Bustillos requested that the car be released immediately while she worked to get the money from a victims assistance fund. She claims that the company hung up on her.
“I was shocked that somebody could hang up on me like that,” Bustillos said.
According to Bustillos, a police officer then attempted to call, but was also hung up on.
Legacy Towing denies ever hanging up, and said in a statement that the operator couldn’t confirm that it really was a police officer calling, saying that no badge number was provided or identification to warrant Bustillos claims.
“(We) received little feedback, and rather aggressive and unprofessional demands,” the statement claimed. “Our representatives receive several calls a week from vehicle owners making false statements,” the statement went on the say.

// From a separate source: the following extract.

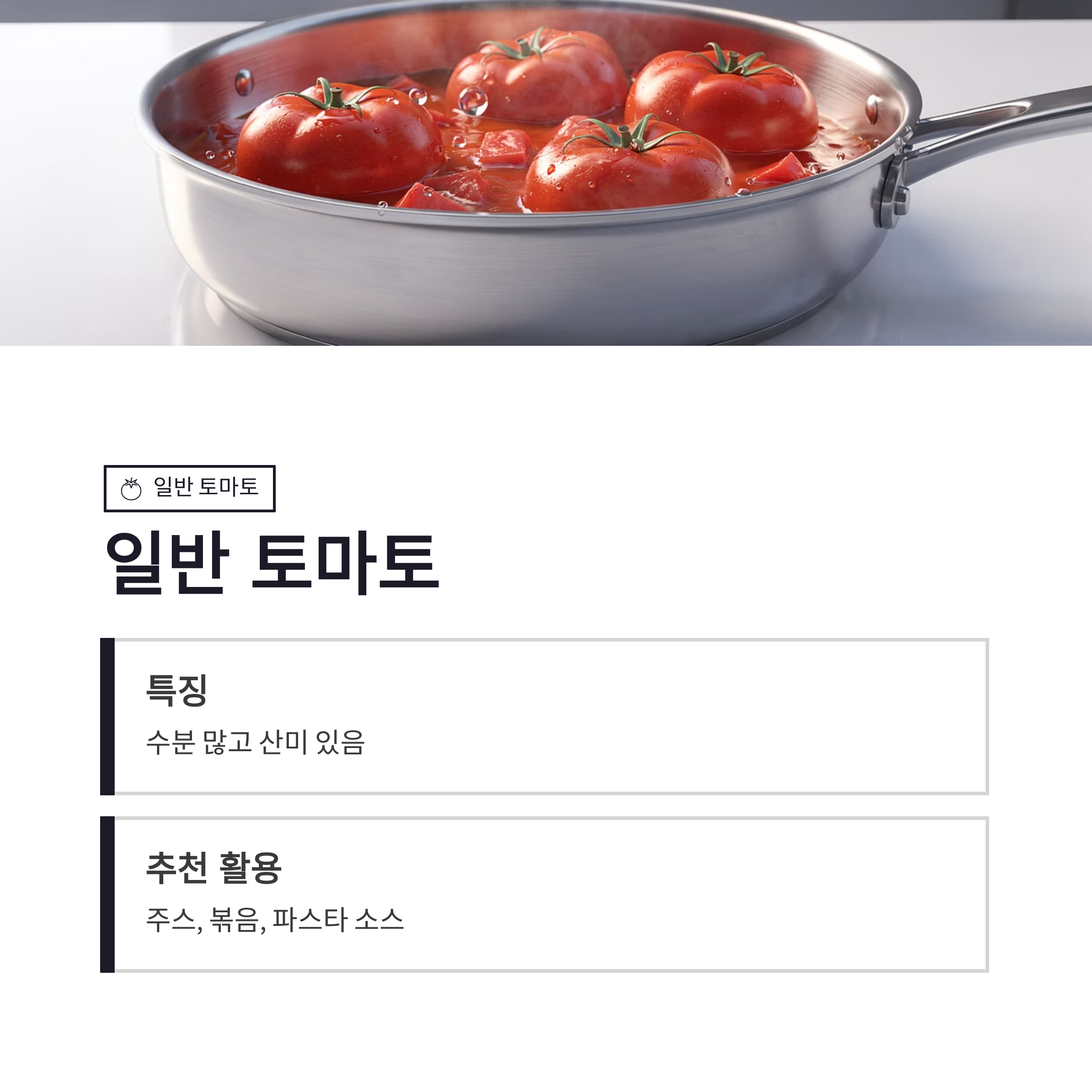 | 일반 토마토 | 수분 많고 산미 있음 | 주스, 볶음 |

“I’m sure they’ve heard every story in the book,” Bustillos said, “but I’m not one of them.”
Two days and many phone calls later, the property manager arranged for the car to be released for free.

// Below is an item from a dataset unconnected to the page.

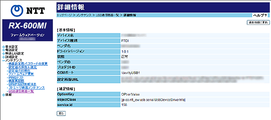 ※ご利用のUSB通信機機器により表示される項目が異なることがあります。

The experience has left Bustillos calling for a change in Utah’s laws, which currently allows landlords to set and enforce their own parking rules.
“I think a bunch of us need to get together,” Bustillos said. “Go over to the legislative offices, start making a change.”

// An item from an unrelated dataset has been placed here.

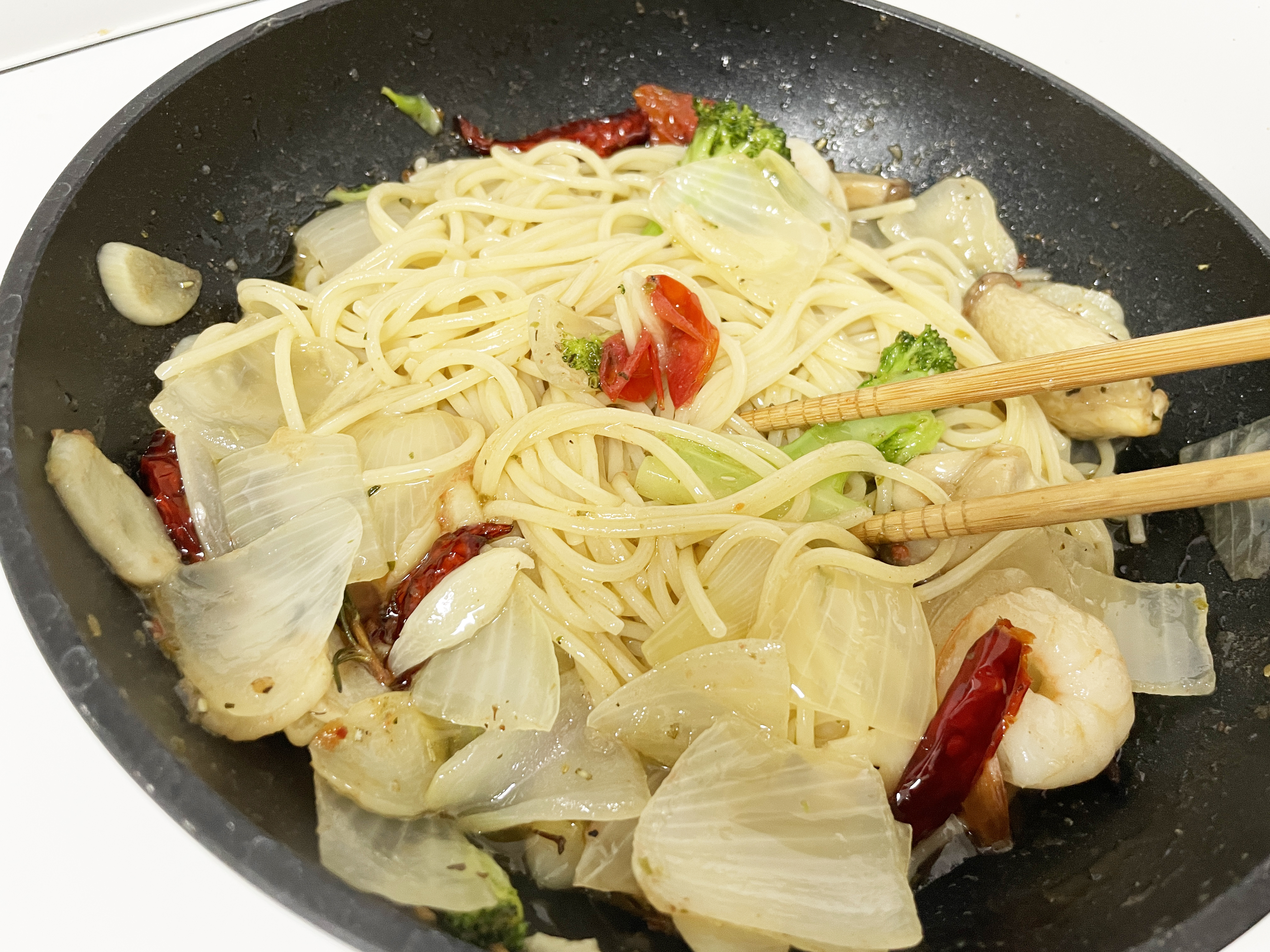 끓는 물에 파스타면을 7분간 삶은 후 건져내어 남은 감바스가 있는 팬에 넣고 1분간 볶아줍니다.

“We need to make sure that reason and common sense prevails in this regard,” said Rep. Keven Stratton, R-Orem, who helped add consumer protections into Utah's towing laws in 2013.
"We've talked about whether or not the towing company should be able to enforce the registration of a vehicle," Stratton said.
"I don't think it's fair, especially if it's in my parking spot,” Sanchez said.
Expired plates are normally a government matter, Stratton said, which are currently “being delegated to non-law enforcement folks.”
While agreeing that apartment complexes shouldn’t have to have unsightly junk cars in their lots, Stratton worries about the unintended consequences that can happen when private entities are allowed to enforce registration rules.
“The cost of getting the car out of being impounded can be greater than the cost to fix it and get it registered,” he said.
"I understand they are doing their job, but have a little decency to help people when they don't know what's happening," Sanchez said.
The last major revamping of Utah’s tow truck laws happened a few years ago. Until there’s a change in the law, however, it’s driver beware. And it’s up to renters to know what their parking agreement is with their landlords.